Will you still pay tax when you retire?
To work out whether or not you will still be required to pay tax during retirement, you should add up all your taxable income, including your state pension and any other taxable benefits. Taxable income includes employment, self employment, state pension and a number of other benefits, such as bank interest, dividends, foreign income and income from property. The next step is to calculate the amount of personal allowances to which you will be entitled. If your income is more than the personal allowances, you will pay tax.
How to calculate tax-free allowances
These allowances are the amount of income you can receive without paying any tax. Unlike the basic personal allowances, your tax-free allowances following retirement will be based on your date of birth.
For those people who were born after 6th April 1948, the personal allowance amount is £10,000 and this amount will be reduced by £1 for every £2 received above £100,000. The tax-free amount increases to £10,500 for anyone whose date of birth is between 6th April 1938 and 5th April 1948. The income limit is £27,000, with personal allowances being reduced for any amount above this.
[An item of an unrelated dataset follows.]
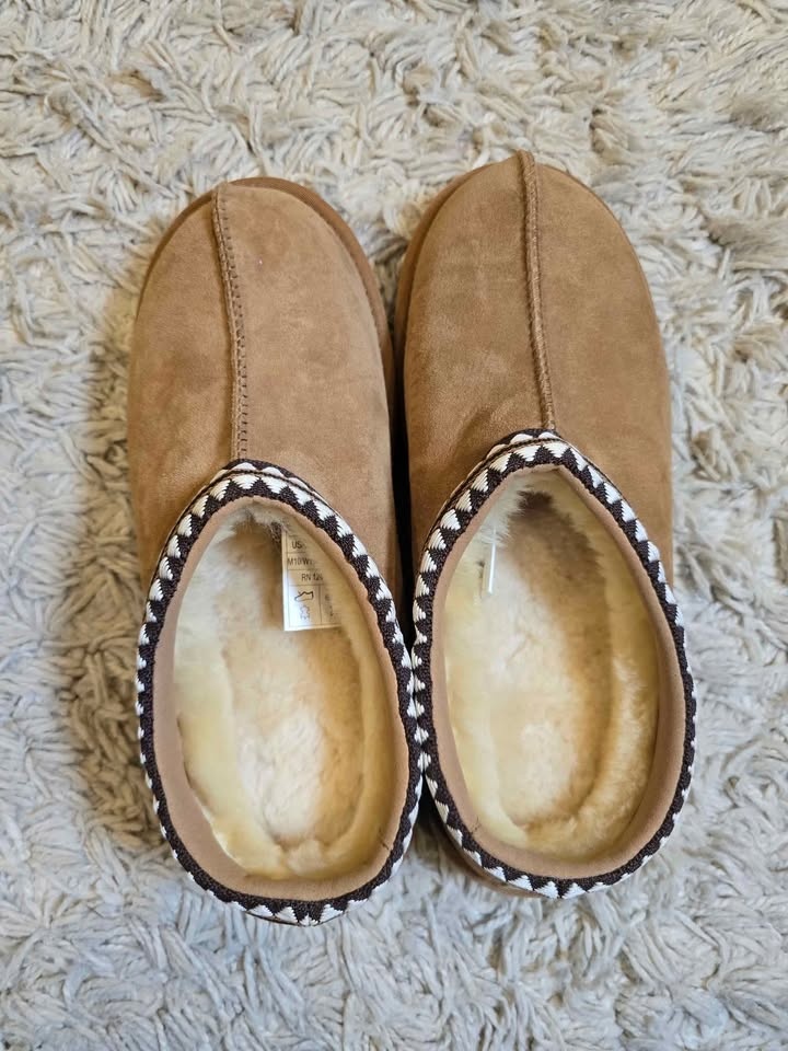 Soft, warm, and very comfortable indoor slippers in excellent condition. Hard rubber sole underneath makes it safe for quick steps outside too (mailbox, balcony, quick run to the car).

For dates of birth before 6th April 1938, the allowances are £10,660 and the income threshold is £27,000.
Although the personal allowances are reduced by £1 for every £2 above the income limit, the allowances will never be less than £10,000 if you were born before 6th April 1948, unless your income exceeds £100,000.
Self assessment tax return
If you are in employment and have more than two personal pensions, in addition to the State Pension, you will be required to complete a self assessment tax return. If your income exceeds the threshold of £27,000, you will also need to complete a tax return.
Tax in retirement can be complex, which is why you may need professional advice if you are unsure, to avoid paying the wrong amount of tax.